Written: Written on July 26, 1915
Published:
First published in 1924 in Lenin Miscellany II.
Sent from Sörenberg (Switzerland) to Christiania (Oslo).
Printed from the original.
Source:
Lenin
Collected Works,
Progress Publishers,
[1976],
Moscow,
Volume 35,
pages 198-199.
Translated: Andrew Rothstein
Transcription\Markup:
R. Cymbala
Public Domain:
Lenin Internet Archive.
You may freely copy, distribute,
display and perform this work, as well as make derivative and
commercial works. Please credit “Marxists Internet
Archive” as your source.
• README
Dear A. M.,
We are sending you the money tomorrow. Many thanks for the news from Russia. In principle we have nothing against an agreement; we hope that you will be extra careful.
As regards armament of the people versus disarmament, it seems to me all the same that we cannot alter the programme.[4] If the words about the class struggle are not an empty phrase in the liberal sense (as they have become with the opportunists, Kautsky and Plekhanov), how can one object to a fact of history—the transformation of this struggle, under certain conditions, into civil war? How moreover can an oppressed class in general be against the armament of the people?
To reject this means to fall into a semi-anarchist attitude to imperialism—in my belief, this can be seen in certain Left-wingers even among ourselves. Once there is imperialism, they say, then we don’t need either self-determination of nations or the armament of the people! That is a crying error. It is precisely for the socialist revolution against imperialism that we need both one and the other.

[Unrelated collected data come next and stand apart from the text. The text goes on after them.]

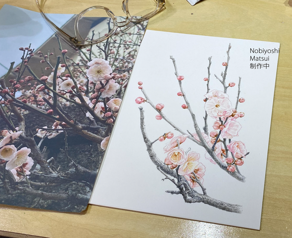 松井先生が描き始めた梅です。
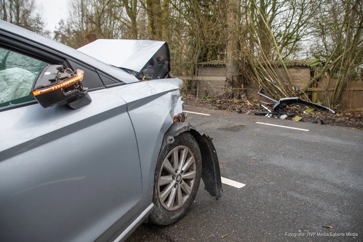De bestuurder week uit voor een tegenligger en belandde daarbij in de bosjes, waarna hij tegen een boom tot stilstand kwam. Ambulancepersoneel heeft de man nagekeken; zijn verwondingen lijken mee te vallen.
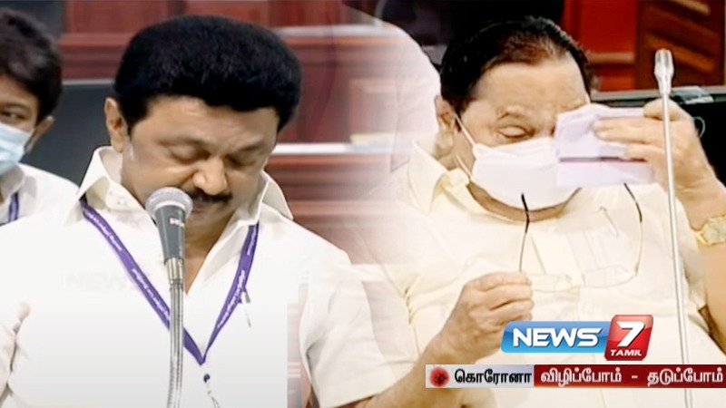 இந்நிகழ்வின் தொடக்கத்தில் பேசிய முதலமைச்சர் மு.க.ஸ்டாலின், நீர்வளத்துறையின் சார்பில் முதல் மானியக்கோரிக்கை தாக்கல் செய்வதில் மகிழ்ச்சியடைவதாக தெரிவித்தார். நூற்றாண்டு கண்ட சட்டப்பேரவையில் அரைநூற்றாண்டுக்கு முன் வந்த துரைமுருகன், கருணாநிதி, அன்பழகன் மறைவுக்கு பிறகு தனக்கு வழிகாட்டியாக இருப்பதாகவும் கூறினார். தொடர்ந்து பேசிய முதலமைச்சர் மு.க.ஸ்டாலின், சட்டப்பேரவையில் பொன்விழா நாயகராக துரைமுருகன் திகழ்வதாக பாராட்டி தீர்மானம் கொண்டு வந்தார். முதலமைச்சர் பேசியதை கண்டு நீர்வளத்துறை அமைச்சர் துரைமுருகன், கண்கலங்கினார்.
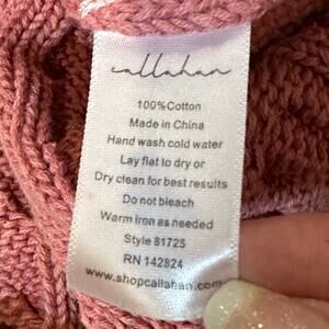 Callahan by Revolve enzyme washed rose cable knit boat neck sweater. Cable knit. Ribbed edges. Dropped shoulder. Revolve Style No. CAHN-WK38. Manufacturer Style No. 81725.
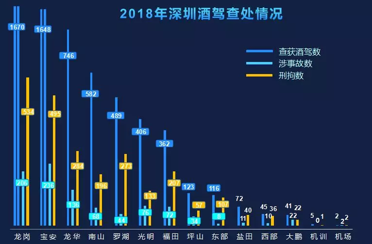 2018年深圳交警共受理危險駕駛案6687宗,立案6307宗6313人,處置醉酒駕駛6313人,全部采取了刑事強制措施。涉及酒駕事故925宗,占總數(shù)的14.65%。此外,2018年辦理阻礙執(zhí)法案85宗89人,行政拘留74人,教育警告15人;辦理妨害公務(wù)案7宗,刑事拘留7人。

Is it “realisable”? Such a criterion is incorrect. Without revolution almost the entire minimum programme is unrealisable. Put in that way, realisability declines into Philistinism.
It seems to me that this question (like all questions of Social-Democratic tactics today) can be put only in connection with the evaluation of (and reckoning with) opportunism. And it is clear that “disarmament”, as a tactical watchword, is opportunism. Moreover it is a provincial one, it stinks of a little state, detachment from the struggle, poverty of ideas: “it’s no business of mine”....
We are sending you the draft (individual) of a declaration of the international Left.[1] We urge you to translate it and to pass it on to the Left in Sweden and Norway, in order to make a business-like advance to a Verständigung[2] with them. Send us your observations, resp. your counterdraft, if you wish, and secure the same from the Left in Scandinavia.
Yours,
Lenin
[1] Reference is to “The Draft Resolution Proposed by the Left Wing at Zimmerwald” (see present edition, Vol. 21, pp. 345–48).—Ed.
[4] Reference is to the twelfth point in the Programme of the R.S.D.L.P. approved by the Second R.S.D.L.P. Congress. It was stated in the Programme that the Party set itself the immediate aim of overthrowing the tsarist autocracy and replacing it with a democratic republic, whose constitution would, as the twelfth point stipulated, ensure “replacement of the regular army by the general arming of the people”.